> Work required
Leave the pictures out. Retype exactly the lines below from the one containing "This bracelet is" through the one containing "Brief von Daniel", and no others.

> Dataset excerpts

[Start of Attachment]

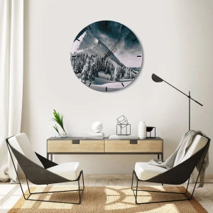 Die Uhr besteht aus 4 mm dickem Sicherheitsglas Glas. Die Herstellungstechnologie der Uhr entspricht der Sicherheitsklasse 2B2 gemäß der Norm PN-EN 12600: 2004, die Stoßfestigkeit garantiert. Die Uhr auf dem Glas ist bereit zu hängen - es hat einen Metallanhänger, einen Anhänger auf der Rückseite der Uhr und einen Schaumstoffabstand, der einen gleichmäßigen Abstand zwischen der Uhr und der Wand reguliert. Die Uhr hat einen geräuschlosen Schwimmmechanismus, der von einer 1,5-V-Batterie betrieben wird - AA-Batterie inbegriffen).
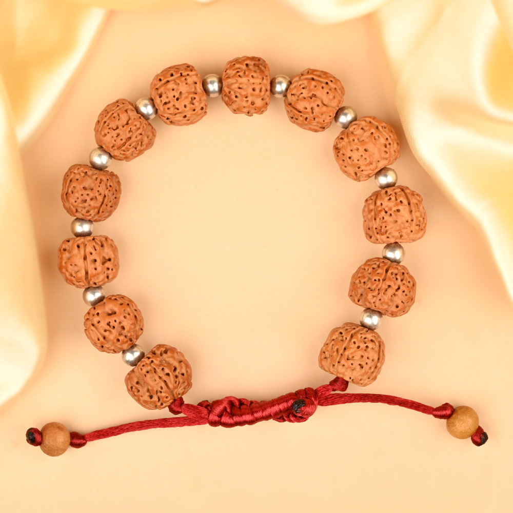 This bracelet is crafted using superior-quality Javanese 5 Mukhi Rudraksha beads paired with pure 925 Sterling Silver spacers, offering a refined spiritual accessory with a modern touch.
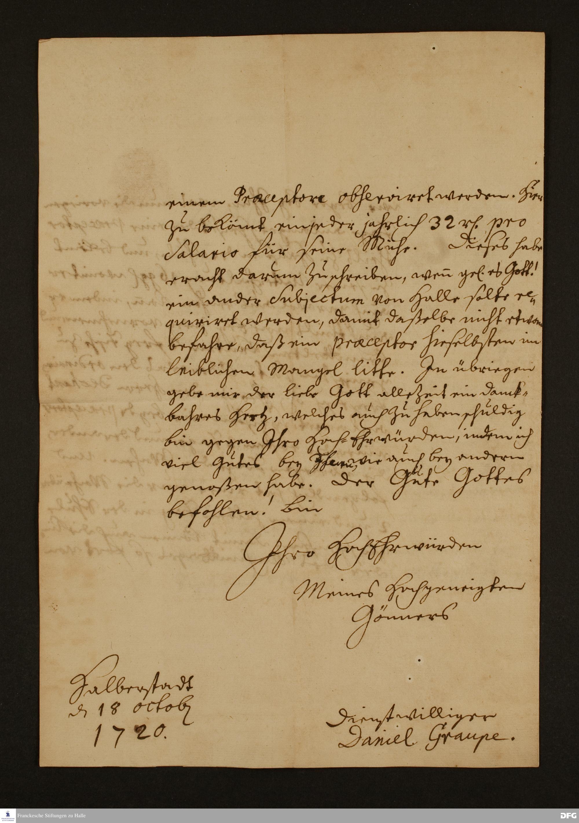 Brief von Daniel Graupe an August Hermann Francke.
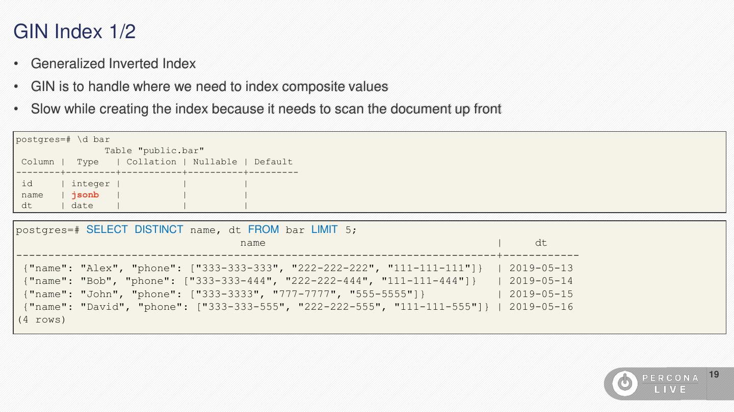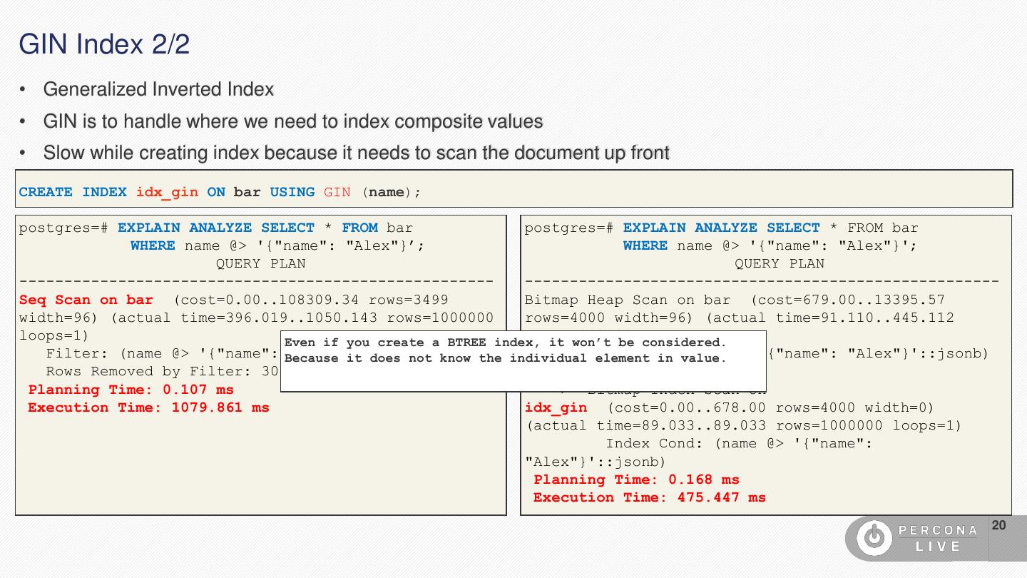 19 .GIN Index 1/2 • Generalized Inverted Index • GIN is to handle where we need to index composite values • Slow while creating the index because it needs to scan the document up front postgres=# \d bar Table "public.bar" Column | Type | Collation | Nullable | Default --------+---------+-----------+----------+--------- id | integer | | | name | jsonb | | | dt | date | | | postgres=# SELECT DISTINCT name, dt FROM bar LIMIT 5; name | dt ---------------------------------------------------------------------------+------------ {"name": "Alex", "phone": ["333-333-333", "222-222-222", "111-111-111"]} | 2019-05-13 {"name": "Bob", "phone": ["333-333-444", "222-222-444", "111-111-444"]} | 2019-05-14 {"name": "John", "phone": ["333-3333", "777-7777", "555-5555"]} | 2019-05-15 {"name": "David", "phone": ["333-333-555", "222-222-555", "111-111-555"]} | 2019-05-16 (4 rows) 19
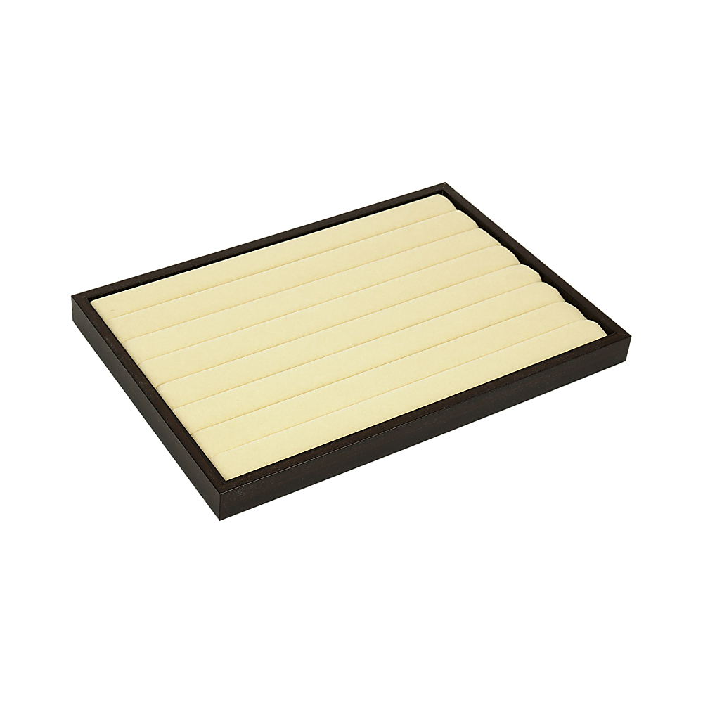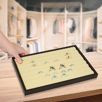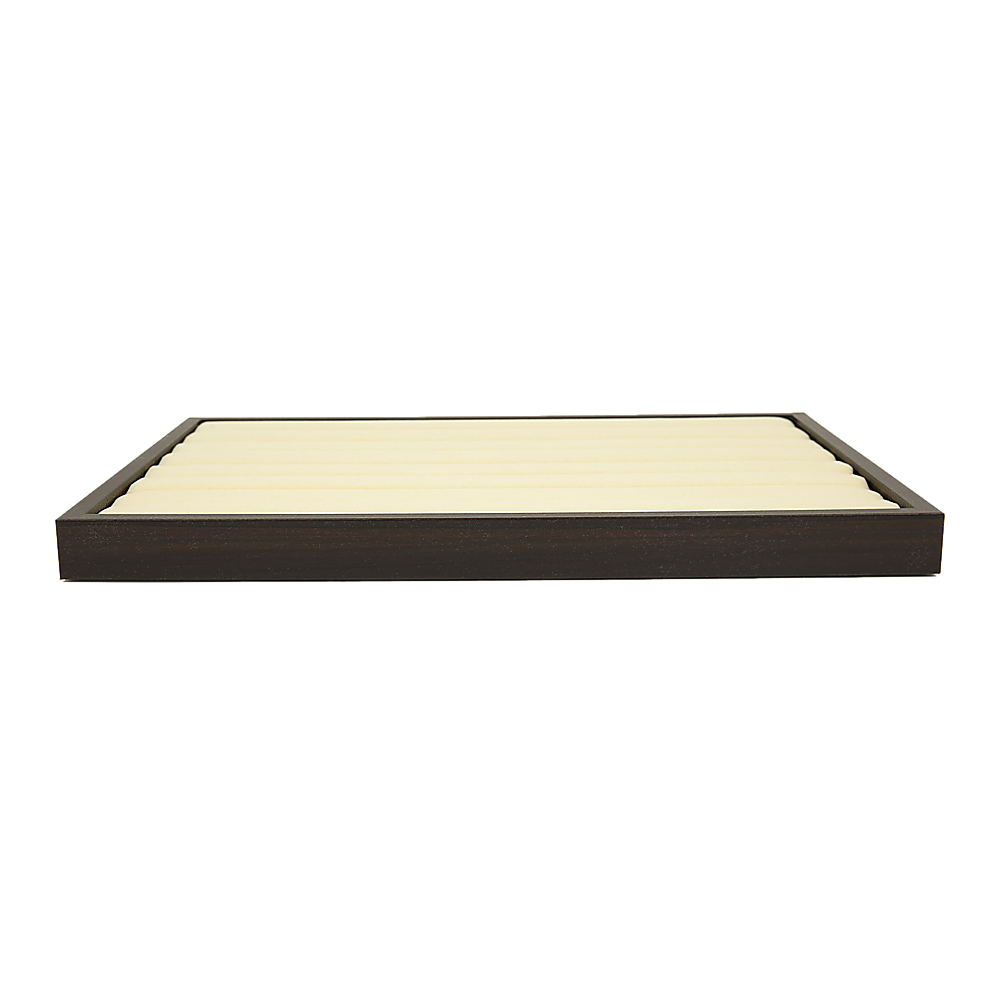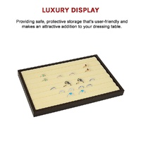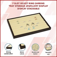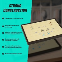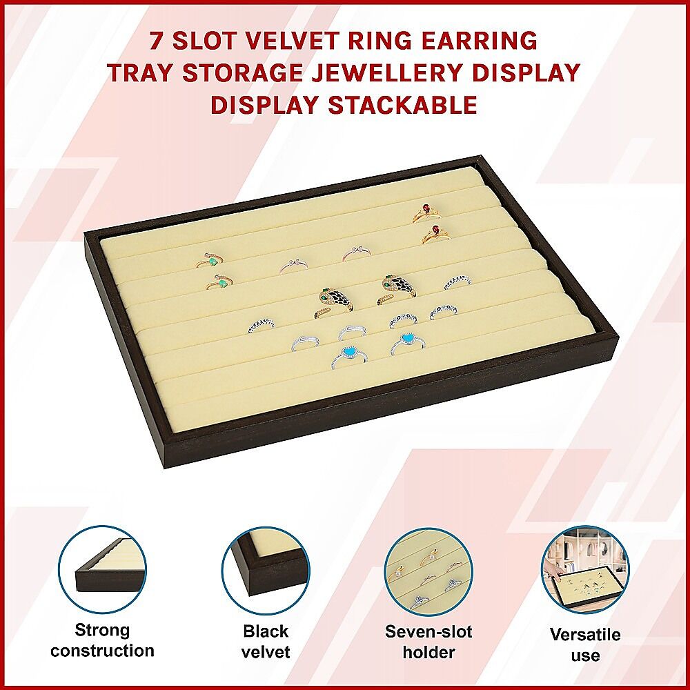 Each tray features seven velvet-covered slots that are spaced to securely hold rings, earrings and other small jewellery items in an organised manner. The pieces really stand out against the black backdrop, so it's easy to see the details of each piece. If you've got a larger jewellery collection, multiple trays can be stacked to provide space-saving storage.

[End of Attachment]

> Output
 This bracelet is crafted using superior-quality Javanese 5 Mukhi Rudraksha beads paired with pure 925 Sterling Silver spacers, offering a refined spiritual accessory with a modern touch.
 Brief von Daniel Graupe an August Hermann Francke.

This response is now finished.